§ PROMPT
After locating the line containing "A chic black" in the entries below, please write out that line and the rest through the end exactly. Omit pictures.

··· MATERIAL PROVIDED

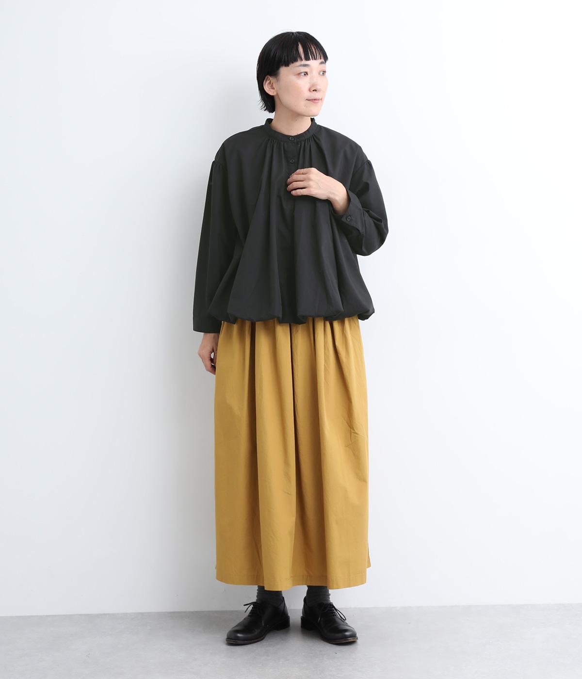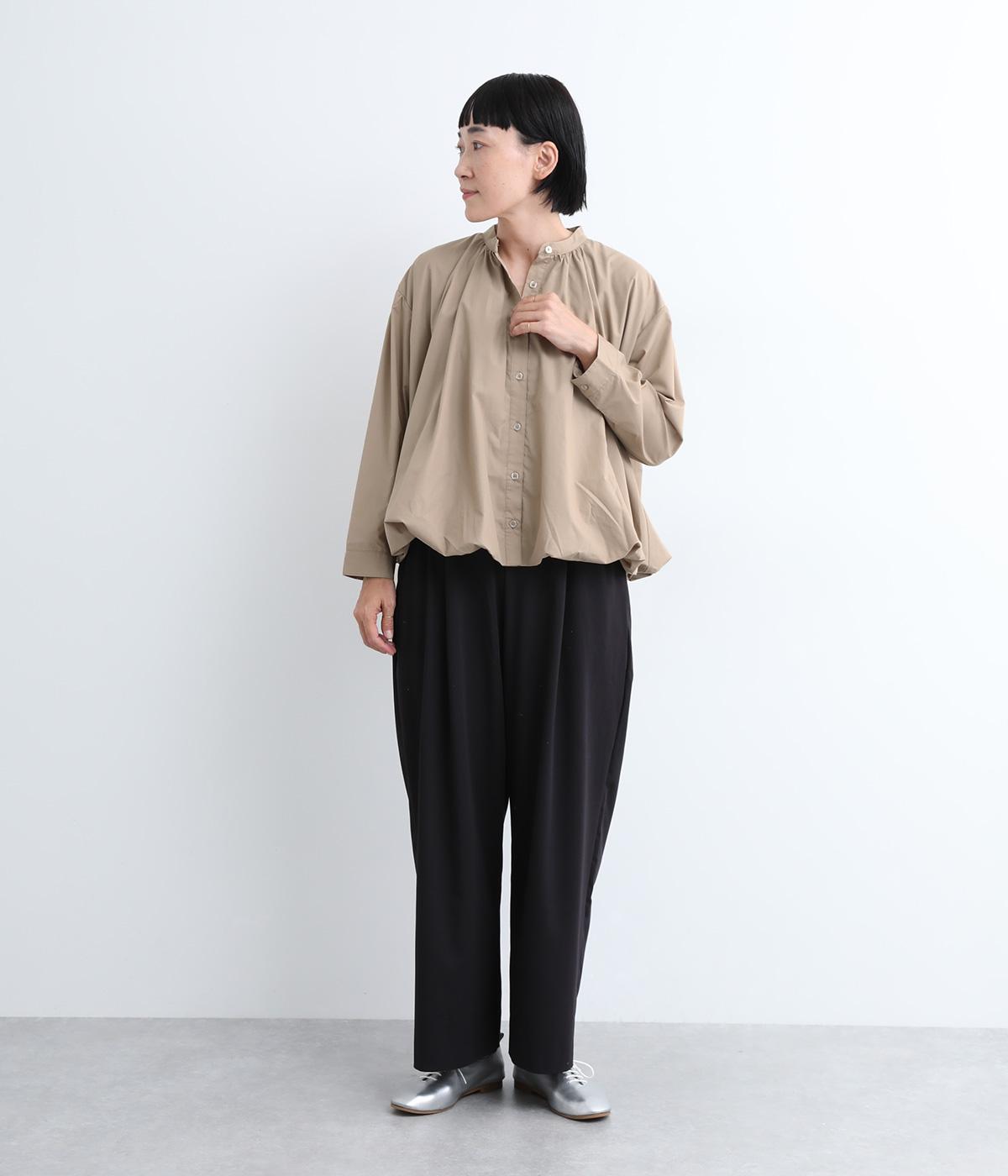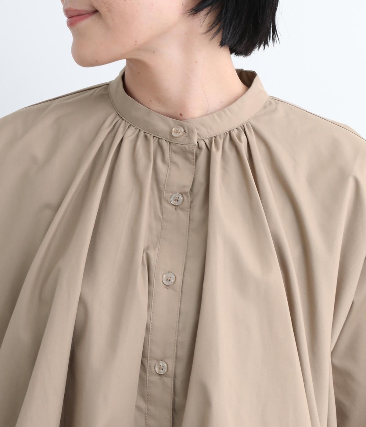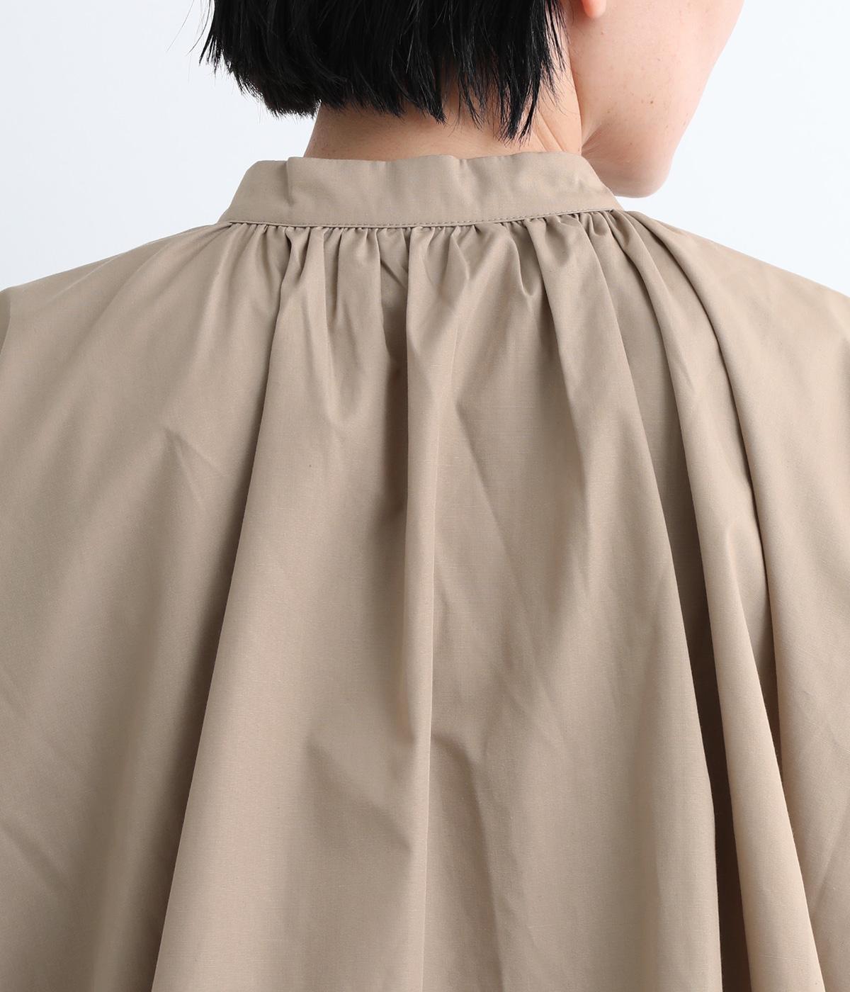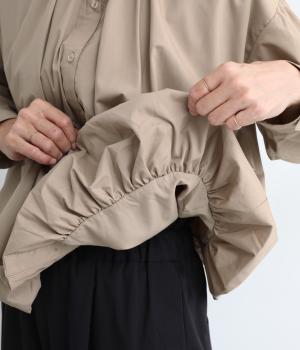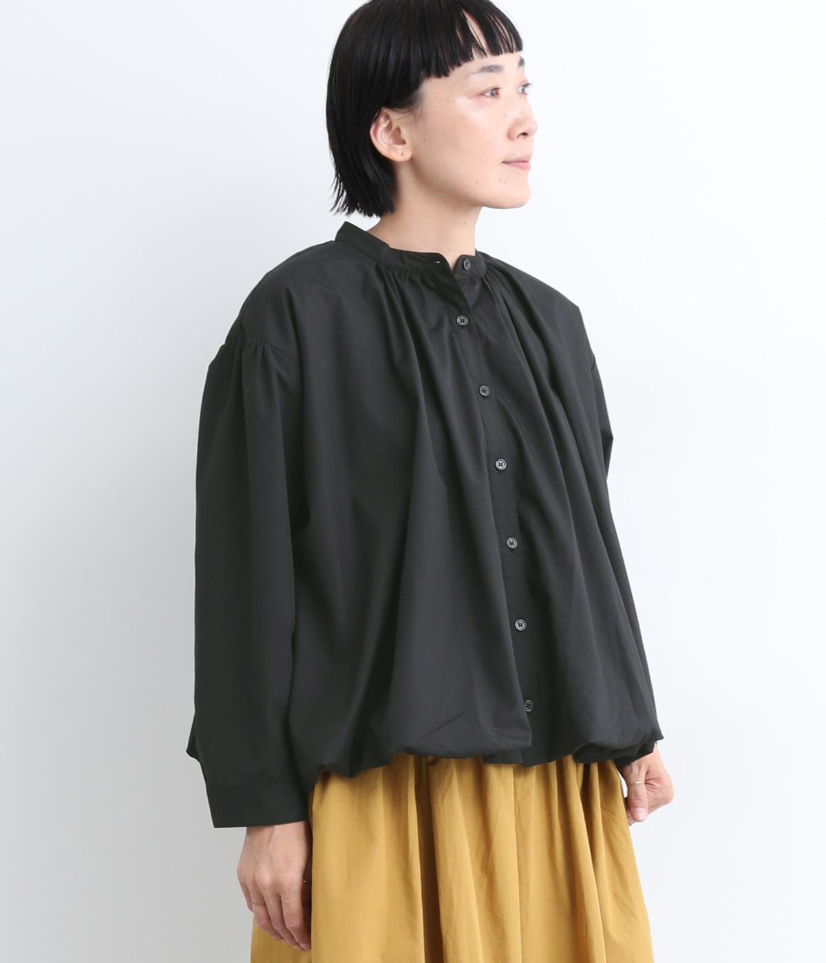 きれいめなシャツスタイルを新鮮に魅せてくれるバルーンシルエットが特徴的な一枚。襟ぐりにギャザーを寄せ、立体感とニュアンスをつけています。バンドカラーで顔まわりはすっきりと。袖は裏地がついていないのでラフに折り返しても◎。
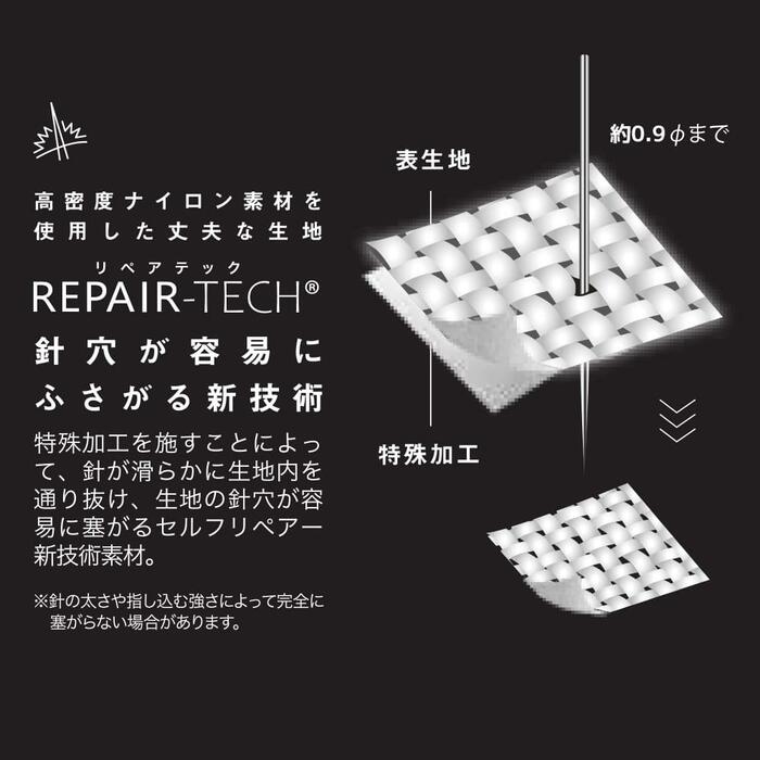 表地には、針による穴あきをこするだけで自己修復する機能「REPAIR-TECH®」が使われています。ちょっとした傷なら修復するので、キャンプなどで使っても安心です。
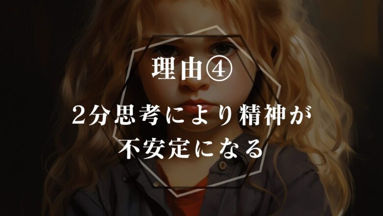 勝ち組or負け組という分類が下らない以上に有害な理由の4つ目は、「2分思考により精神が不安定になる」です。
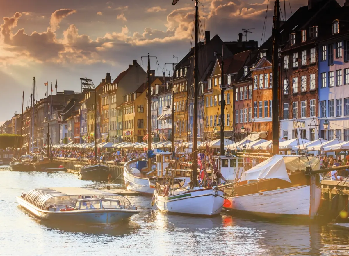 Nyhavn i Köpenhamn, Danmark. Det är en solig men lite disig sommardag och kajens många restauranger är proppfulla av gäster. De färggranna husfasaderna är upplysta av solen som strålar ner mellan molnen och hamnen är full av segel- och turistbåtar.
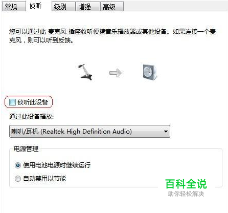 麦克风属性”在“侦听”中,找到“侦听此设备”,若打钩,请把钩去掉
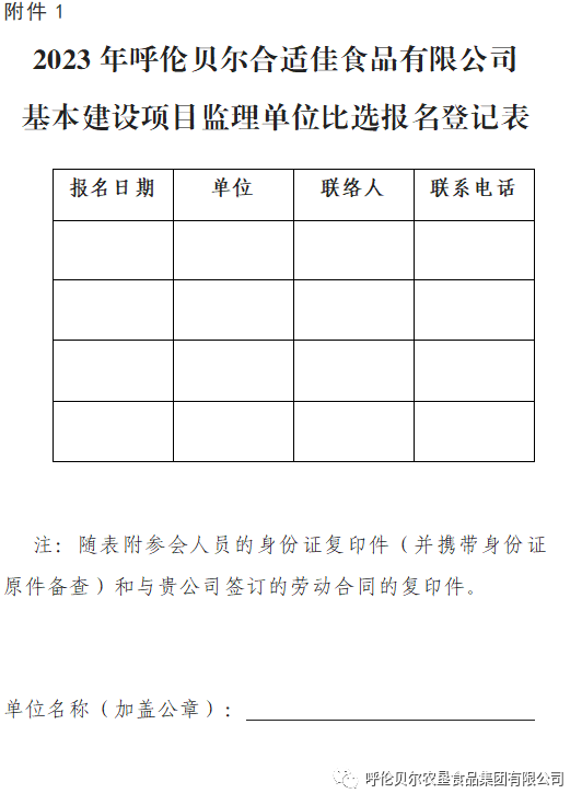 参选机构请仔细阅读公告,本次比选的最终解释权归呼伦贝尔合适佳食品有限公司所有。
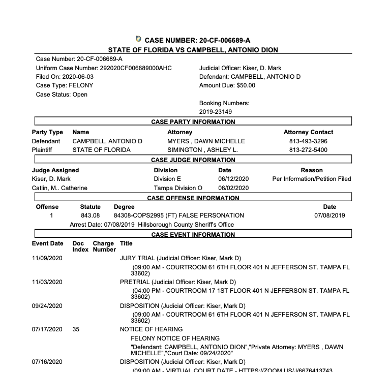 (FT) FALSE PERSONATION BROOKS, VINTWAN LE'DARIO* 9/1/90 He removed a Confederate flag from a vehicle and then attempted to burn it at a George Floyd protest in Plant City. His initial charges appear to have been reduced. He works in fisheries management.
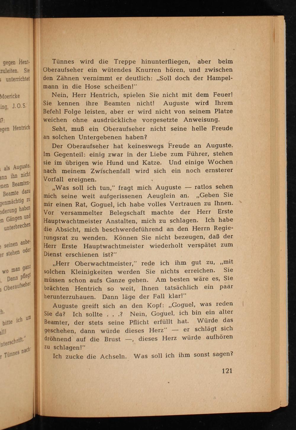 ,, Herr Oberwachtmeister," rede ich ihm gut zu ,,, mit solchen Kleinigkeiten werden Sie nichts erreichen. müssen schon aufs Ganze gehen. Am besten wäre es, Sie brächten Hentrich so weit, Ihnen tatsächlich ein paar herunterzuhauen. Dann läge der Fall klar!"
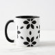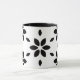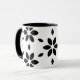 A chic black and white abstract floral print features elegant black flower petal shapes on a crisp white background.
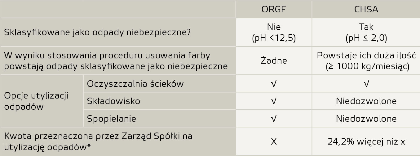 Tabela 9. Postępowania z odpadami i odpadami dla ORGF i CHSA.
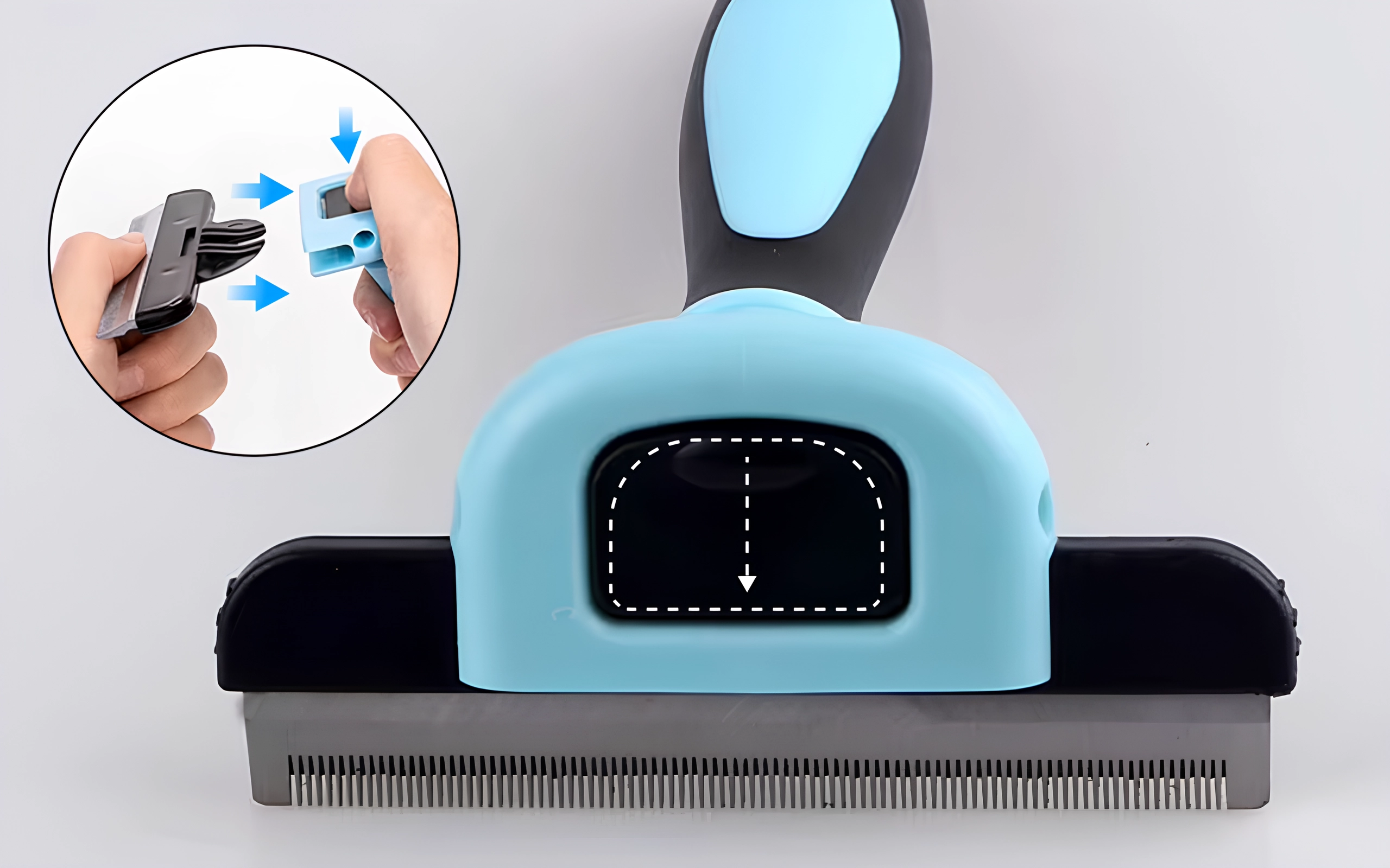 Limpe rapidamente após cada uso com a lâmina removível. Mantenha sua escova Primdog higiênica e pronta para qualquer sessão futura.
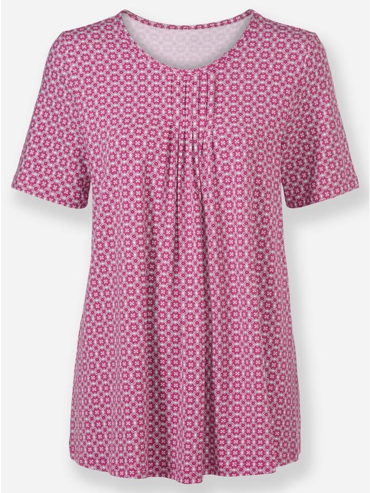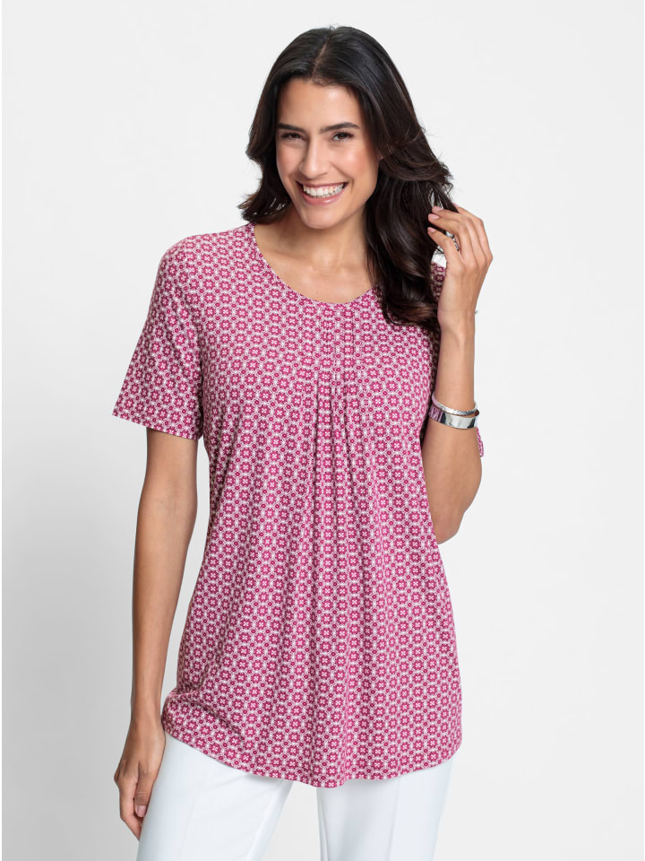 Привлекательный минималистичный орнаментальный принт, мягкая ткань, подчеркивающий фигуру А-силуэт - эта туника-рубашка просто убеждает во всем. Складки на круглом вырезе с окантовкой расширяются к низу, создавая эффект стройнения. Вискоза качества ECOVERO от Lenzing.

······

§ WRITTEN SOLUTION
 A chic black and white abstract floral print features elegant black flower petal shapes on a crisp white background.
 Tabela 9. Postępowania z odpadami i odpadami dla ORGF i CHSA.
 Limpe rapidamente após cada uso com a lâmina removível. Mantenha sua escova Primdog higiênica e pronta para qualquer sessão futura.
 Привлекательный минималистичный орнаментальный принт, мягкая ткань, подчеркивающий фигуру А-силуэт - эта туника-рубашка просто убеждает во всем. Складки на круглом вырезе с окантовкой расширяются к низу, создавая эффект стройнения. Вискоза качества ECOVERO от Lenzing.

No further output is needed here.